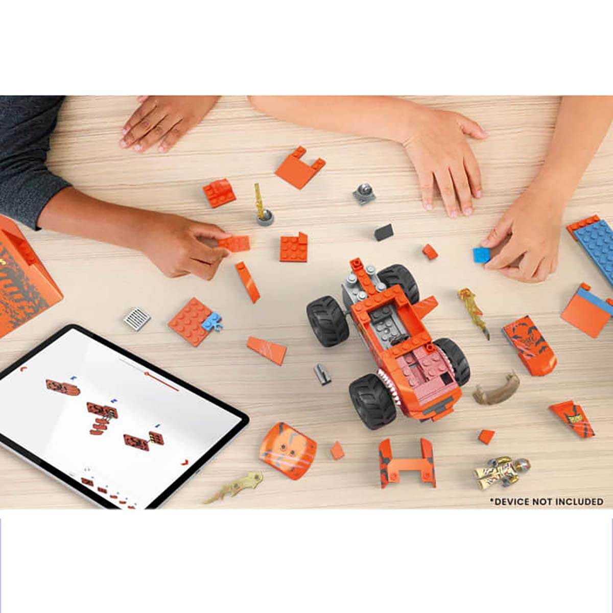 Ce coffret va offrir une expérience de jeu complète et immersive aux enfants. En effet, tout d'abord, ils vont devoir construire eux-mêmes le Monster Truck orange inclus dans le coffret. Avec sa peinture orange à rayures tigrées et son aileron de requin, ce Monster Truck va provoquer d'incroyables carambolages !
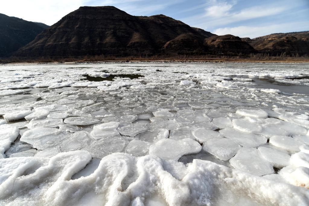 1月21日,黄河壶口瀑布下游大量流凌堆积凝结。(吕桂明 摄)
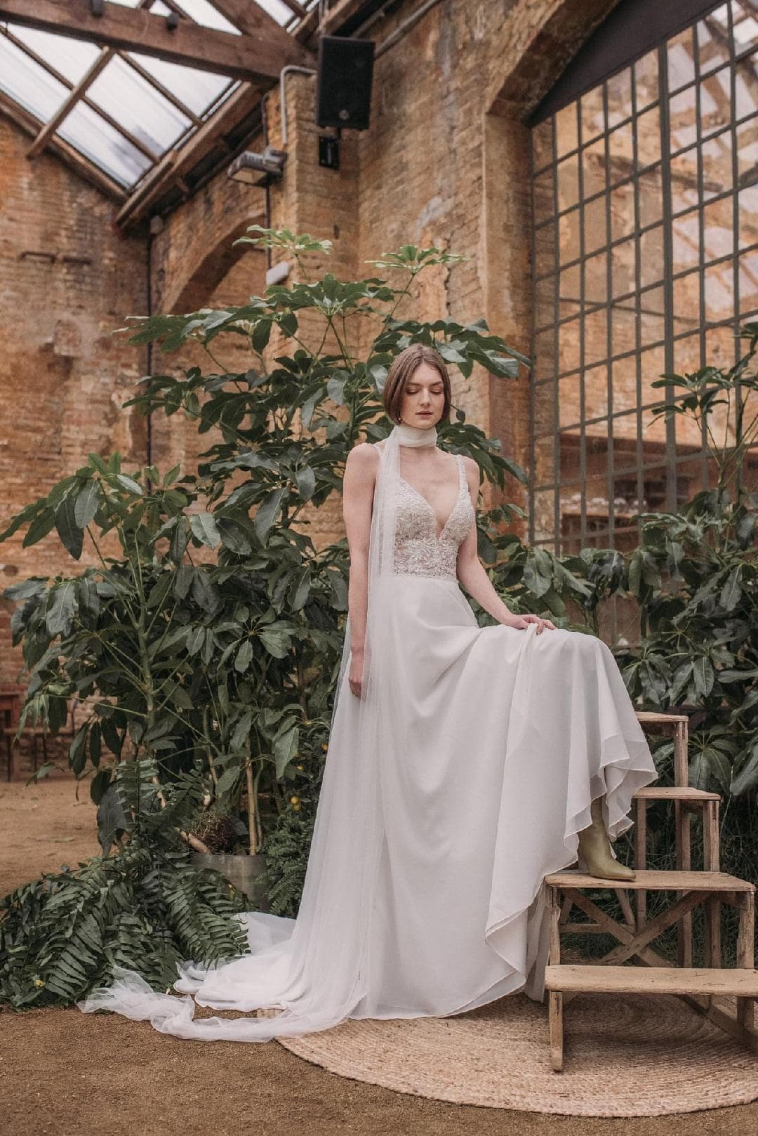 Fließendes Brautkleid mit Spitze und Chiffonrock
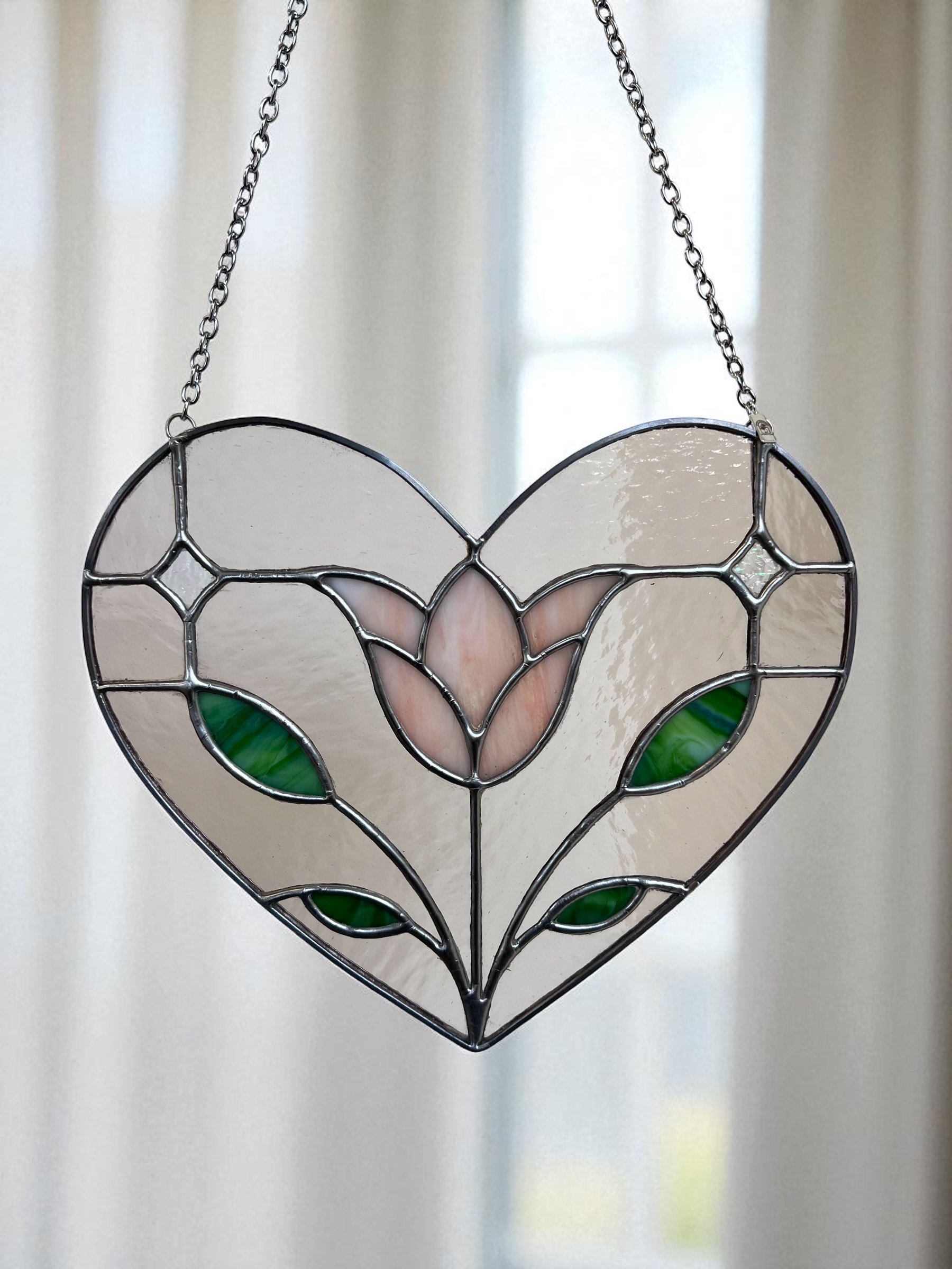 This handmade stained glass heart features a delicate flower design at its center, surrounded by textured clear glass and accented with vibrant green details. The mix of soft pink and green tones gives it a timeless, romantic feel while the clear textured glass lets the light shimmer through beautifully. Perfect as a heartfelt gift or a charming piece of window art for your own space.
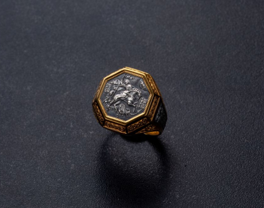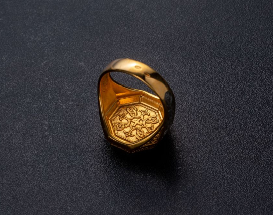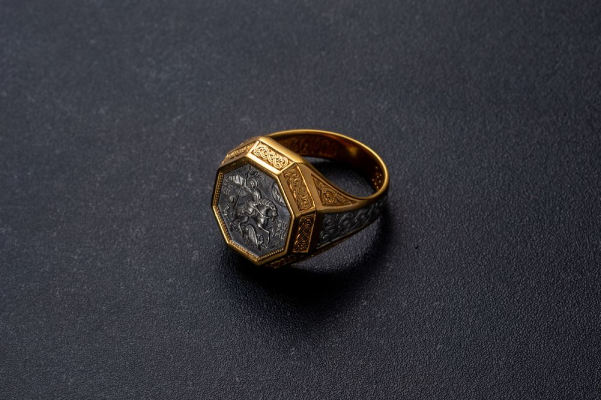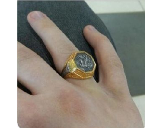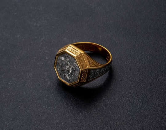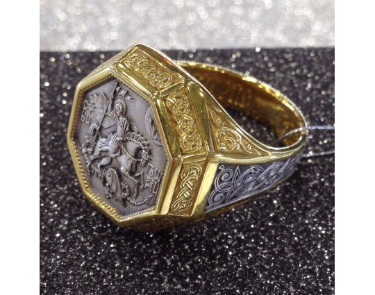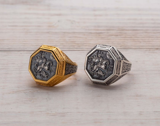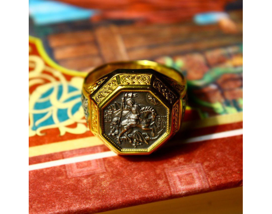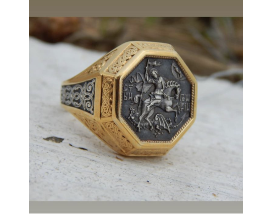Мужской перстень с  печаткой, на которой изображен Георгий Победоносец во время свершения его знаменитого подвига: победа над змеем. Змей - символ дьявола-искусителя. Победа Георгия означает то, что души верующих будут избавлены от злых намерений, искушений и грехов. Внутри кольца написана короткая молитва на славянском языке, которая просит Бога защитить того, на ком это кольцо.
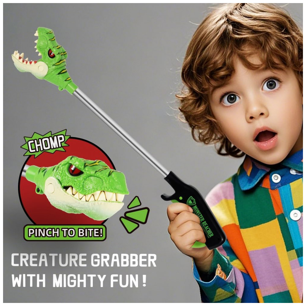 Design Realista de Dinossauro. Este brinquedo de dinossauro apresenta uma cabeça detalhada de TRex com texturas realistas e cores vibrantes, capturando a imaginação de todo amante de dinossauros. Diversão Interativa. Aperte a alça ergonômica para abrir e fechar a boca do dinossauro, perfeito para pegar pequenos brinquedos, animais de pelúcia ou doces, enquanto aprimora a coordenação motora e habilidades manuais das crianças. Tamanho de 41 cm. Tamanho ideal para crianças segurarem e usarem confortavelmente. Construção leve, porém resistente, facilita o transporte para qualquer lugar, perfeito para brincadeiras internas, aventuras ao ar livre e diversão em viagens. Estimula a Criatividade e Imaginação. Esta garra de mão de robô inspira inúmeros cenários de jogo, com o TRex Snapper permitindo às crianças criar suas próprias aventuras de dinossauros jurássicos, promovendo o brincar imaginativo. Ótimo Presente de Dinossauro para Crianças. Perfeito como presente de aniversário, presente de Natal, lembrancinha ou brinde de festa para crianças que adoram dinossauros. Este brinquedo temático de dinossauros garante horas de diversão para meninos e meninas a partir de 3 anos.
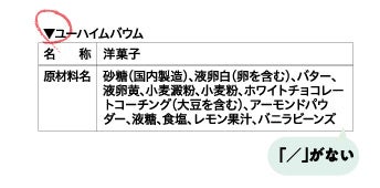 食品表示の「原材料名」に「/(スラッシュ)」がないこと。食品添加物を表記する場合は、「/」などで区切ることが一般的なルール。つまり「/0」は食品添加物が使われないことの証です。
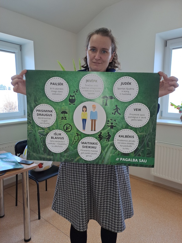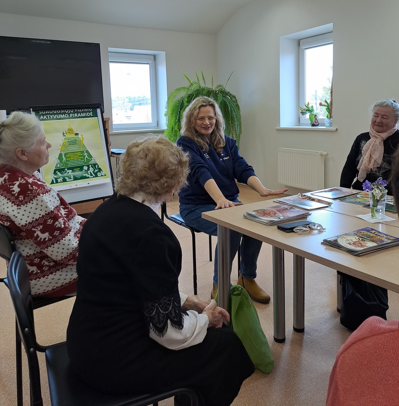Kovo 25 dieną klubo „Rudenėlis“ popietėje „Būkime sveiki ir žvalūs“ viešėjo visuomenės sveikatos biuro specialistės Agnė Paukštienė ir Jolita Kazulėnienė. Jos senjorams pristatė biuro veiklas. Susitikimo metu smagiai pasimankštino, pasivaišino skaniu gėrimu (glotnučiu), prisiminė fizinio aktyvumo ir subalansuoto maisto piramides, padiskutavo apie gerą emocinę savijautą. Vėliau jaukioje bibliotekos aplinkoje senjorai tradiciškai sveikino sausio – balandžio mėnesiais gimusius klubo narius su gimtadieniais, įteikė gėles, giedojo ilgiausių metų, linkėjo sveikatos, saulėto pavasario. Bendraudami prie arbatos puodelio senjorai valgė gimtadienius švenčiančių tortą, dainavo lietuvių liaudies dainas, klubo narė Vilma skaitė savos kūrybos eiles.
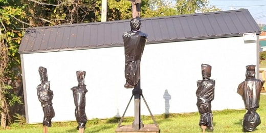 Man accused of terrorist threats over allegedly depicting local officials in Halloween decorations
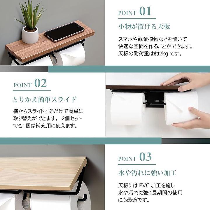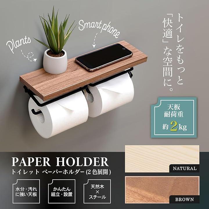 洗練されたシンプルデザイン:どんな壁紙にもマッチする2連タイプのトイレットペーパーホルダー。
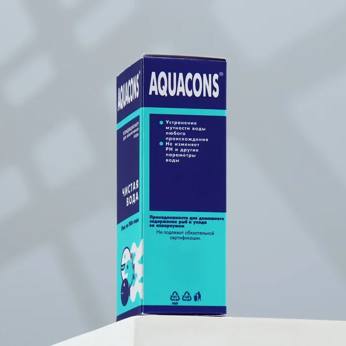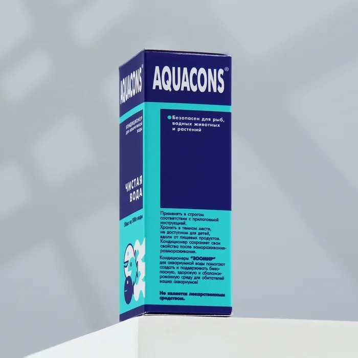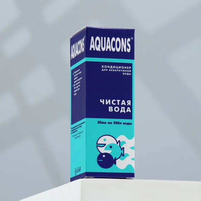 Кондиционер «Акваконс чистая вода» для аквариумной воды 50 мл предназначен для устранения мутности любого происхождения. После использования кондиционера вода становится абсолютно прозрачной. Способ применения: Добавить 5 мл средства на каждые 50 л аквариумной воды. После внесения кондиционера воду в аквариуме следует аккуратно перемешать. Если в течение 30 минут образование хлопьев визуально не наблюдается, количество следует увеличить в 2 раза и т. д. Допускается пятикратное превышение первоначальной дозы. Рекомендации по применению кондиционера: Дозировка зависит от происхождения и концентрации частиц, вызывающих мутность воды (бактериальные клетки, мельчайшие частицы грунта, одноклеточные водоросли – «цветение воды» и др.). Отсутствие процесса коагуляции (образования хлопьев) свидетельствует о том, что требуемая концентрация кондиционера в воде не достигнута. Если порог коагуляции не пройден, кондиционер не будет работать независимо от времени его применения. Образовавшиеся хлопья удаляют с помощью фильтра и грунтоочистителя. Кондиционер не изменяет рН и другие параметры воды. В рекомендуемых дозах безопасен для рыб, растений и гидробионтов.

===============

In the copy, include no pictures; transcribe every record above verbatim.

 Ce coffret va offrir une expérience de jeu complète et immersive aux enfants. En effet, tout d'abord, ils vont devoir construire eux-mêmes le Monster Truck orange inclus dans le coffret. Avec sa peinture orange à rayures tigrées et son aileron de requin, ce Monster Truck va provoquer d'incroyables carambolages !
 1月21日,黄河壶口瀑布下游大量流凌堆积凝结。(吕桂明 摄)
 Fließendes Brautkleid mit Spitze und Chiffonrock
 This handmade stained glass heart features a delicate flower design at its center, surrounded by textured clear glass and accented with vibrant green details. The mix of soft pink and green tones gives it a timeless, romantic feel while the clear textured glass lets the light shimmer through beautifully. Perfect as a heartfelt gift or a charming piece of window art for your own space.
Мужской перстень с  печаткой, на которой изображен Георгий Победоносец во время свершения его знаменитого подвига: победа над змеем. Змей - символ дьявола-искусителя. Победа Георгия означает то, что души верующих будут избавлены от злых намерений, искушений и грехов. Внутри кольца написана короткая молитва на славянском языке, которая просит Бога защитить того, на ком это кольцо.
 Design Realista de Dinossauro. Este brinquedo de dinossauro apresenta uma cabeça detalhada de TRex com texturas realistas e cores vibrantes, capturando a imaginação de todo amante de dinossauros. Diversão Interativa. Aperte a alça ergonômica para abrir e fechar a boca do dinossauro, perfeito para pegar pequenos brinquedos, animais de pelúcia ou doces, enquanto aprimora a coordenação motora e habilidades manuais das crianças. Tamanho de 41 cm. Tamanho ideal para crianças segurarem e usarem confortavelmente. Construção leve, porém resistente, facilita o transporte para qualquer lugar, perfeito para brincadeiras internas, aventuras ao ar livre e diversão em viagens. Estimula a Criatividade e Imaginação. Esta garra de mão de robô inspira inúmeros cenários de jogo, com o TRex Snapper permitindo às crianças criar suas próprias aventuras de dinossauros jurássicos, promovendo o brincar imaginativo. Ótimo Presente de Dinossauro para Crianças. Perfeito como presente de aniversário, presente de Natal, lembrancinha ou brinde de festa para crianças que adoram dinossauros. Este brinquedo temático de dinossauros garante horas de diversão para meninos e meninas a partir de 3 anos.
 食品表示の「原材料名」に「/(スラッシュ)」がないこと。食品添加物を表記する場合は、「/」などで区切ることが一般的なルール。つまり「/0」は食品添加物が使われないことの証です。
Kovo 25 dieną klubo „Rudenėlis“ popietėje „Būkime sveiki ir žvalūs“ viešėjo visuomenės sveikatos biuro specialistės Agnė Paukštienė ir Jolita Kazulėnienė. Jos senjorams pristatė biuro veiklas. Susitikimo metu smagiai pasimankštino, pasivaišino skaniu gėrimu (glotnučiu), prisiminė fizinio aktyvumo ir subalansuoto maisto piramides, padiskutavo apie gerą emocinę savijautą. Vėliau jaukioje bibliotekos aplinkoje senjorai tradiciškai sveikino sausio – balandžio mėnesiais gimusius klubo narius su gimtadieniais, įteikė gėles, giedojo ilgiausių metų, linkėjo sveikatos, saulėto pavasario. Bendraudami prie arbatos puodelio senjorai valgė gimtadienius švenčiančių tortą, dainavo lietuvių liaudies dainas, klubo narė Vilma skaitė savos kūrybos eiles.
 Man accused of terrorist threats over allegedly depicting local officials in Halloween decorations
 洗練されたシンプルデザイン:どんな壁紙にもマッチする2連タイプのトイレットペーパーホルダー。
 Кондиционер «Акваконс чистая вода» для аквариумной воды 50 мл предназначен для устранения мутности любого происхождения. После использования кондиционера вода становится абсолютно прозрачной. Способ применения: Добавить 5 мл средства на каждые 50 л аквариумной воды. После внесения кондиционера воду в аквариуме следует аккуратно перемешать. Если в течение 30 минут образование хлопьев визуально не наблюдается, количество следует увеличить в 2 раза и т. д. Допускается пятикратное превышение первоначальной дозы. Рекомендации по применению кондиционера: Дозировка зависит от происхождения и концентрации частиц, вызывающих мутность воды (бактериальные клетки, мельчайшие частицы грунта, одноклеточные водоросли – «цветение воды» и др.). Отсутствие процесса коагуляции (образования хлопьев) свидетельствует о том, что требуемая концентрация кондиционера в воде не достигнута. Если порог коагуляции не пройден, кондиционер не будет работать независимо от времени его применения. Образовавшиеся хлопья удаляют с помощью фильтра и грунтоочистителя. Кондиционер не изменяет рН и другие параметры воды. В рекомендуемых дозах безопасен для рыб, растений и гидробионтов.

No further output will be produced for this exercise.